EXERCISE
Any images in the records should be skipped; transcribe the rest exactly.

DATA FOR THIS EXERCISE

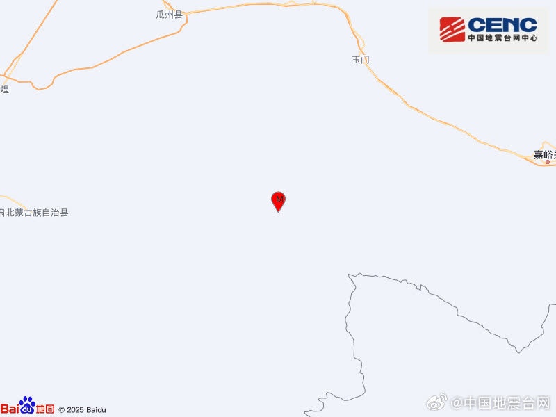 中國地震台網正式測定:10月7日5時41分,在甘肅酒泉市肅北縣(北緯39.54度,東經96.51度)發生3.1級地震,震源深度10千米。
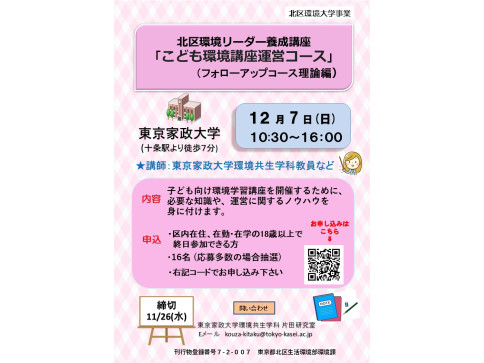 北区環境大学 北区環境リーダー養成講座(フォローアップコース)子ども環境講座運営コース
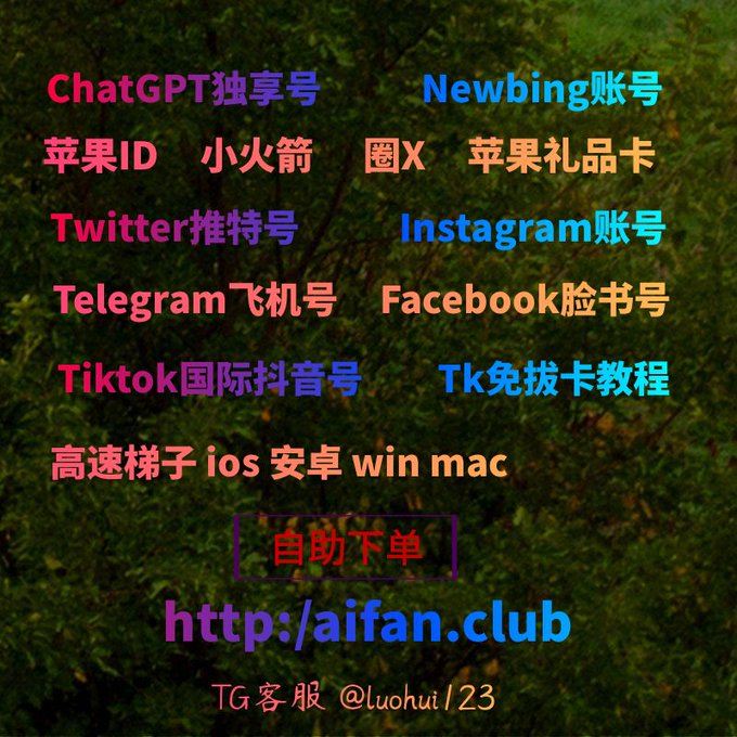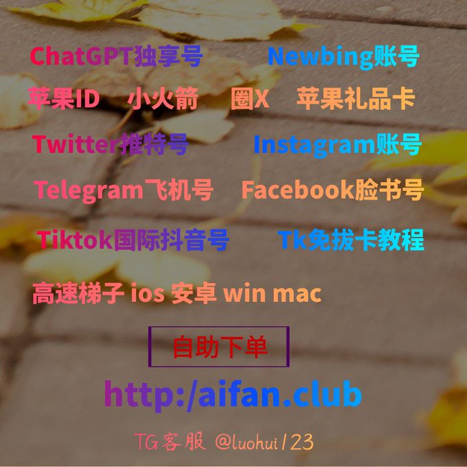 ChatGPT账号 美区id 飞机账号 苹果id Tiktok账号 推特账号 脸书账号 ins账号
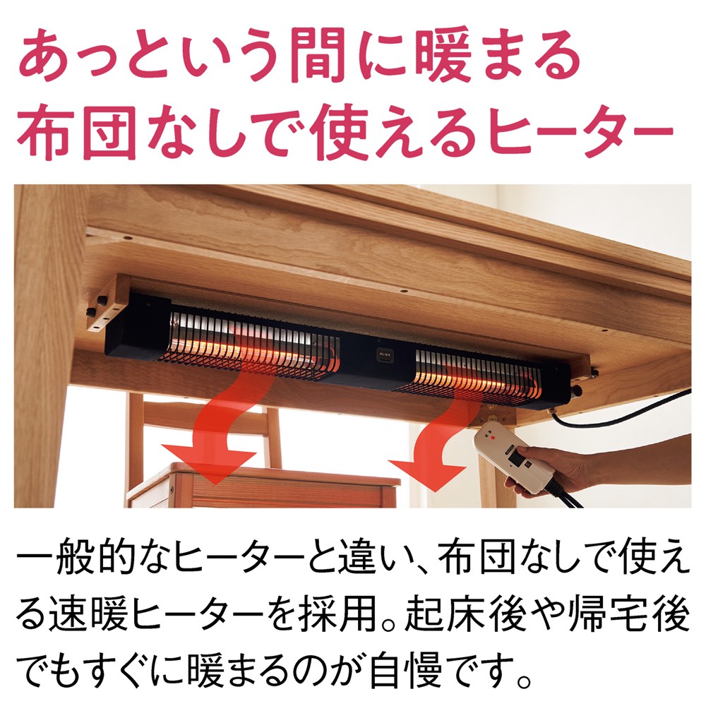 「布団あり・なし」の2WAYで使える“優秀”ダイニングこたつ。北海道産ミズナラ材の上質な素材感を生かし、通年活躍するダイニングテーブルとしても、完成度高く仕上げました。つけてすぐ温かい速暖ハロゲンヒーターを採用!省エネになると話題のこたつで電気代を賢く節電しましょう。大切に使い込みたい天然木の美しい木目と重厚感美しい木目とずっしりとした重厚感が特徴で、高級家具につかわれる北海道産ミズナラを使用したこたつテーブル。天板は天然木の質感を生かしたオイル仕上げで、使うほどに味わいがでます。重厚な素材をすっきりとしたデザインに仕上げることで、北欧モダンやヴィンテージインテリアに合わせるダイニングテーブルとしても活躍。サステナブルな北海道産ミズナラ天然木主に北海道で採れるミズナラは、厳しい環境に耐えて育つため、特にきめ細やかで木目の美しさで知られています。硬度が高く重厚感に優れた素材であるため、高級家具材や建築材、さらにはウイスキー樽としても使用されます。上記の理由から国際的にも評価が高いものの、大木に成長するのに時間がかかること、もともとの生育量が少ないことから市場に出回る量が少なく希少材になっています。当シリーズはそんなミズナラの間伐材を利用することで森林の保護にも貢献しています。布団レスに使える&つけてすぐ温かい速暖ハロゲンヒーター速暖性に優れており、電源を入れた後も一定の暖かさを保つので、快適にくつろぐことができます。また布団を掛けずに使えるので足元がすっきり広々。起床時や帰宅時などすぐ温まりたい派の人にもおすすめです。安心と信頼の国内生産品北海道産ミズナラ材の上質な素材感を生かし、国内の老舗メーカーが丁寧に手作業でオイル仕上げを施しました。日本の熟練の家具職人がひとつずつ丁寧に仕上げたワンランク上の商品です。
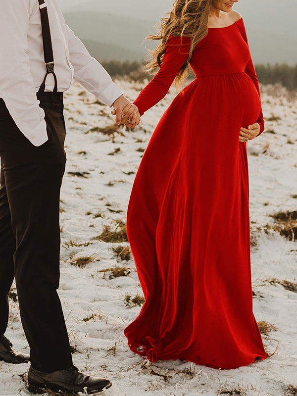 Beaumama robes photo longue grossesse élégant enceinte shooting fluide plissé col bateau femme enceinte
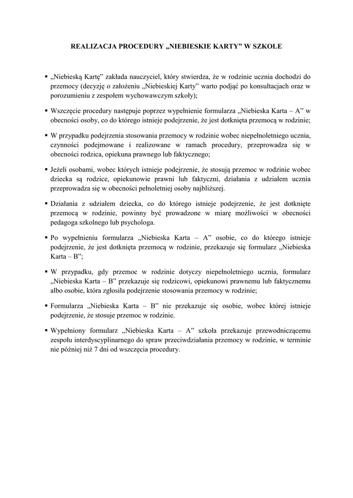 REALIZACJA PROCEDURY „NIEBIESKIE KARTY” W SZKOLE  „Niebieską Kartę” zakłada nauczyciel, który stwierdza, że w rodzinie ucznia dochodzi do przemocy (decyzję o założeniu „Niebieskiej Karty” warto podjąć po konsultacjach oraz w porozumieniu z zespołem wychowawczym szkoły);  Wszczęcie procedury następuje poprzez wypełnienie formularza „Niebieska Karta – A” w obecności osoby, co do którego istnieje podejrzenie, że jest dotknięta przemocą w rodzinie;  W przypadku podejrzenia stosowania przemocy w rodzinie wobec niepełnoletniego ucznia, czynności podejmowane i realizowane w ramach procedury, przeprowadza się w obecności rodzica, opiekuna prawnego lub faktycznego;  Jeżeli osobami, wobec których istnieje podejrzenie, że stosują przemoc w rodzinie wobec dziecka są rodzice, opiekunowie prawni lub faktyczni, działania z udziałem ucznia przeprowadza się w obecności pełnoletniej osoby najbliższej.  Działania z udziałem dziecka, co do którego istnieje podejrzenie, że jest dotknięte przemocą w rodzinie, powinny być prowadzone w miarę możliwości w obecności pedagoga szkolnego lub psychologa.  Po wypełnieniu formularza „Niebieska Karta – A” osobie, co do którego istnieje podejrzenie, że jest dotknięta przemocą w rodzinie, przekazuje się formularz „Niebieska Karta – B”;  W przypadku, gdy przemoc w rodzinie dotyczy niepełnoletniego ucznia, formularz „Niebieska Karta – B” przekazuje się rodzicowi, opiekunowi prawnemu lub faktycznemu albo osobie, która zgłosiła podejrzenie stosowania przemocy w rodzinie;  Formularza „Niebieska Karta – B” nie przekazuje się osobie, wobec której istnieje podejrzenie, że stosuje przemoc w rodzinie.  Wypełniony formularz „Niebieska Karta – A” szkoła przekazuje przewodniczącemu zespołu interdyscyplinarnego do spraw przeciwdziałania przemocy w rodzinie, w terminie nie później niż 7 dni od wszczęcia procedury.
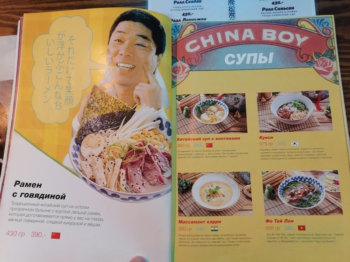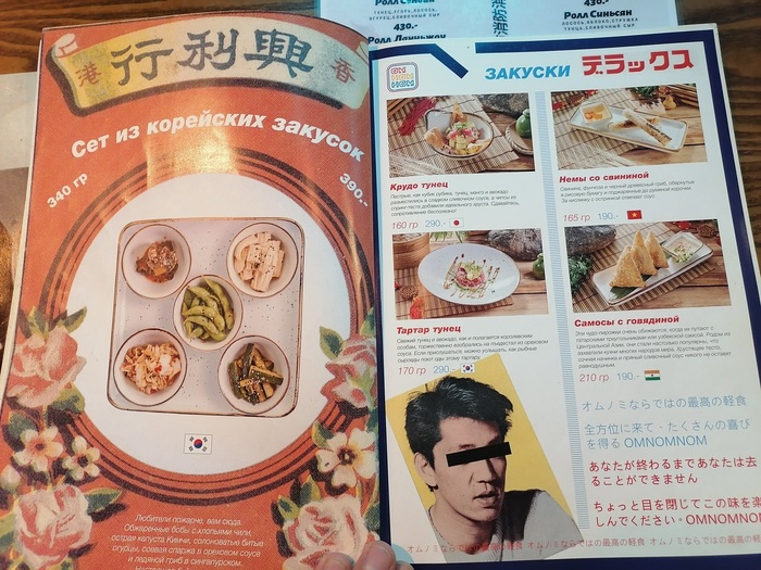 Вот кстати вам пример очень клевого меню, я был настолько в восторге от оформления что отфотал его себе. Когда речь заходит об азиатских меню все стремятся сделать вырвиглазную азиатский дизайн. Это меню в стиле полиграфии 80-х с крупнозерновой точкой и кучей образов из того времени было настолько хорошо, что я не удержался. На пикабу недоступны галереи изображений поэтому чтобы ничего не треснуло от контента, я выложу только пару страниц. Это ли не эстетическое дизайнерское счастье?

EXERCISE OUTPUT
 中國地震台網正式測定:10月7日5時41分,在甘肅酒泉市肅北縣(北緯39.54度,東經96.51度)發生3.1級地震,震源深度10千米。
 北区環境大学 北区環境リーダー養成講座(フォローアップコース)子ども環境講座運営コース
 ChatGPT账号 美区id 飞机账号 苹果id Tiktok账号 推特账号 脸书账号 ins账号
 「布団あり・なし」の2WAYで使える“優秀”ダイニングこたつ。北海道産ミズナラ材の上質な素材感を生かし、通年活躍するダイニングテーブルとしても、完成度高く仕上げました。つけてすぐ温かい速暖ハロゲンヒーターを採用!省エネになると話題のこたつで電気代を賢く節電しましょう。大切に使い込みたい天然木の美しい木目と重厚感美しい木目とずっしりとした重厚感が特徴で、高級家具につかわれる北海道産ミズナラを使用したこたつテーブル。天板は天然木の質感を生かしたオイル仕上げで、使うほどに味わいがでます。重厚な素材をすっきりとしたデザインに仕上げることで、北欧モダンやヴィンテージインテリアに合わせるダイニングテーブルとしても活躍。サステナブルな北海道産ミズナラ天然木主に北海道で採れるミズナラは、厳しい環境に耐えて育つため、特にきめ細やかで木目の美しさで知られています。硬度が高く重厚感に優れた素材であるため、高級家具材や建築材、さらにはウイスキー樽としても使用されます。上記の理由から国際的にも評価が高いものの、大木に成長するのに時間がかかること、もともとの生育量が少ないことから市場に出回る量が少なく希少材になっています。当シリーズはそんなミズナラの間伐材を利用することで森林の保護にも貢献しています。布団レスに使える&つけてすぐ温かい速暖ハロゲンヒーター速暖性に優れており、電源を入れた後も一定の暖かさを保つので、快適にくつろぐことができます。また布団を掛けずに使えるので足元がすっきり広々。起床時や帰宅時などすぐ温まりたい派の人にもおすすめです。安心と信頼の国内生産品北海道産ミズナラ材の上質な素材感を生かし、国内の老舗メーカーが丁寧に手作業でオイル仕上げを施しました。日本の熟練の家具職人がひとつずつ丁寧に仕上げたワンランク上の商品です。
 Beaumama robes photo longue grossesse élégant enceinte shooting fluide plissé col bateau femme enceinte
 REALIZACJA PROCEDURY „NIEBIESKIE KARTY” W SZKOLE  „Niebieską Kartę” zakłada nauczyciel, który stwierdza, że w rodzinie ucznia dochodzi do przemocy (decyzję o założeniu „Niebieskiej Karty” warto podjąć po konsultacjach oraz w porozumieniu z zespołem wychowawczym szkoły);  Wszczęcie procedury następuje poprzez wypełnienie formularza „Niebieska Karta – A” w obecności osoby, co do którego istnieje podejrzenie, że jest dotknięta przemocą w rodzinie;  W przypadku podejrzenia stosowania przemocy w rodzinie wobec niepełnoletniego ucznia, czynności podejmowane i realizowane w ramach procedury, przeprowadza się w obecności rodzica, opiekuna prawnego lub faktycznego;  Jeżeli osobami, wobec których istnieje podejrzenie, że stosują przemoc w rodzinie wobec dziecka są rodzice, opiekunowie prawni lub faktyczni, działania z udziałem ucznia przeprowadza się w obecności pełnoletniej osoby najbliższej.  Działania z udziałem dziecka, co do którego istnieje podejrzenie, że jest dotknięte przemocą w rodzinie, powinny być prowadzone w miarę możliwości w obecności pedagoga szkolnego lub psychologa.  Po wypełnieniu formularza „Niebieska Karta – A” osobie, co do którego istnieje podejrzenie, że jest dotknięta przemocą w rodzinie, przekazuje się formularz „Niebieska Karta – B”;  W przypadku, gdy przemoc w rodzinie dotyczy niepełnoletniego ucznia, formularz „Niebieska Karta – B” przekazuje się rodzicowi, opiekunowi prawnemu lub faktycznemu albo osobie, która zgłosiła podejrzenie stosowania przemocy w rodzinie;  Formularza „Niebieska Karta – B” nie przekazuje się osobie, wobec której istnieje podejrzenie, że stosuje przemoc w rodzinie.  Wypełniony formularz „Niebieska Karta – A” szkoła przekazuje przewodniczącemu zespołu interdyscyplinarnego do spraw przeciwdziałania przemocy w rodzinie, w terminie nie później niż 7 dni od wszczęcia procedury.
 Вот кстати вам пример очень клевого меню, я был настолько в восторге от оформления что отфотал его себе. Когда речь заходит об азиатских меню все стремятся сделать вырвиглазную азиатский дизайн. Это меню в стиле полиграфии 80-х с крупнозерновой точкой и кучей образов из того времени было настолько хорошо, что я не удержался. На пикабу недоступны галереи изображений поэтому чтобы ничего не треснуло от контента, я выложу только пару страниц. Это ли не эстетическое дизайнерское счастье?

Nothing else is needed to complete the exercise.